On July 15, 2008, the scientists behind the KSTAR (Korea Superconducting Tokamak Advanced Reactor) project tested the device by creating "first plasma". This is analogous to the first light of a telescope. KSTAR's task is to test and study various techniques and technologies that will eventually be involved in the commercialization of fusion energy. It is also part of the ITER fusion research project, which has the goal of attempting to usher in an era of environmentally friendly and almost unlimited energy.
Although it isn't at the core of the ITER mission, KSTAR has still achieved several milestones in physics and fusion energy production. It is currently the largest tokamak type reactor in the world, and it is one of the first reactors to use fully superconducting magnets of the same type as those that will be installed in ITER. KSTAR will be studying the use of both hydrogen and deuterium for potential fusion fuel sources, but is not intended to look into the use of tritium, which will be studied by the main ITER reactor once it has been completed.
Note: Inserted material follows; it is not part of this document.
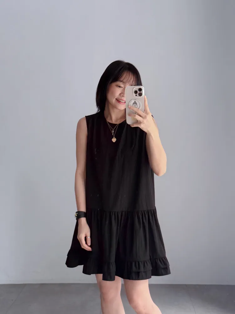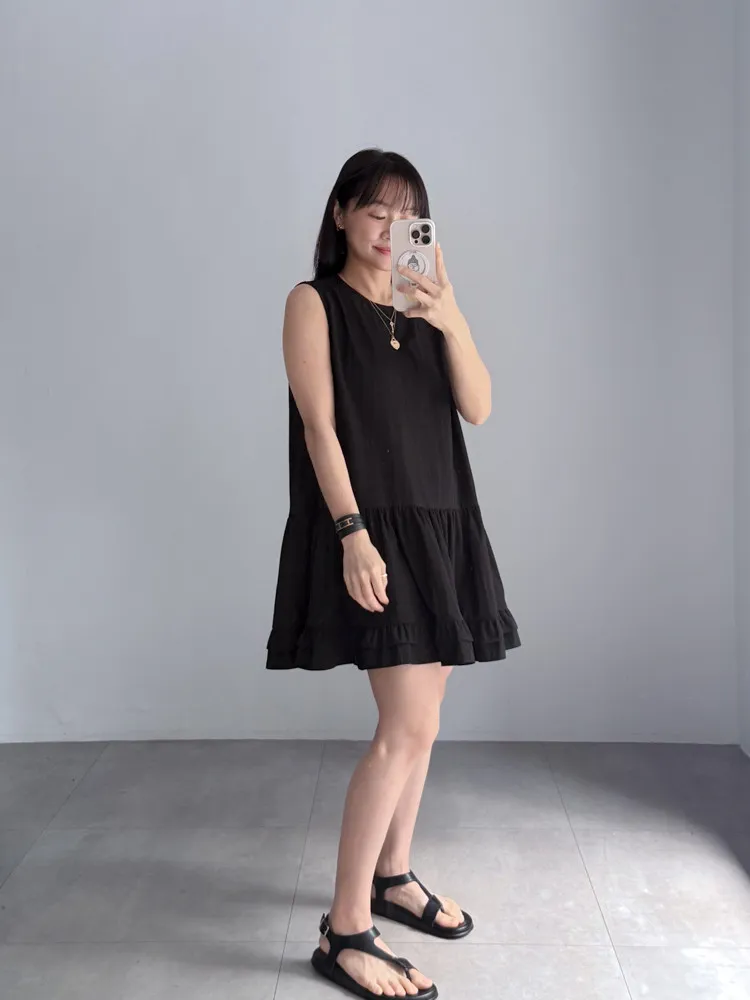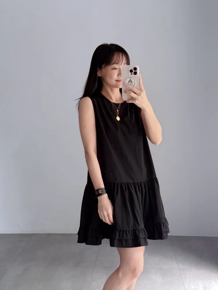 [特點] 後拉鍊穿脫設計,無袖剪裁,下擺拼接蛋糕層次、自然澎度,傘狀版型,布料輕盈。

KSTAR requires 30 supercooled (-268Â°C) superconducting magnets - weighing in at a combined 300 tons - in order to contain the plasma, which can reach temperatures up to one hundred million degrees. No known substance could contain matter at those temperatures, so magnetic fields must be employed to keep the plasma from coming into contact with the components of the reactor.
Kwon Eun-Hee, who works for the National Fusion Research Institute, said, "Today's demonstration was highly successful." Ryu Koo-hee, speaking on behalf of the Korean ministries of Education and Science and Technology, added that "[t]he generation of plasma proves that KSTAR is ready to operate and contribute significantly to the research for nuclear fusion."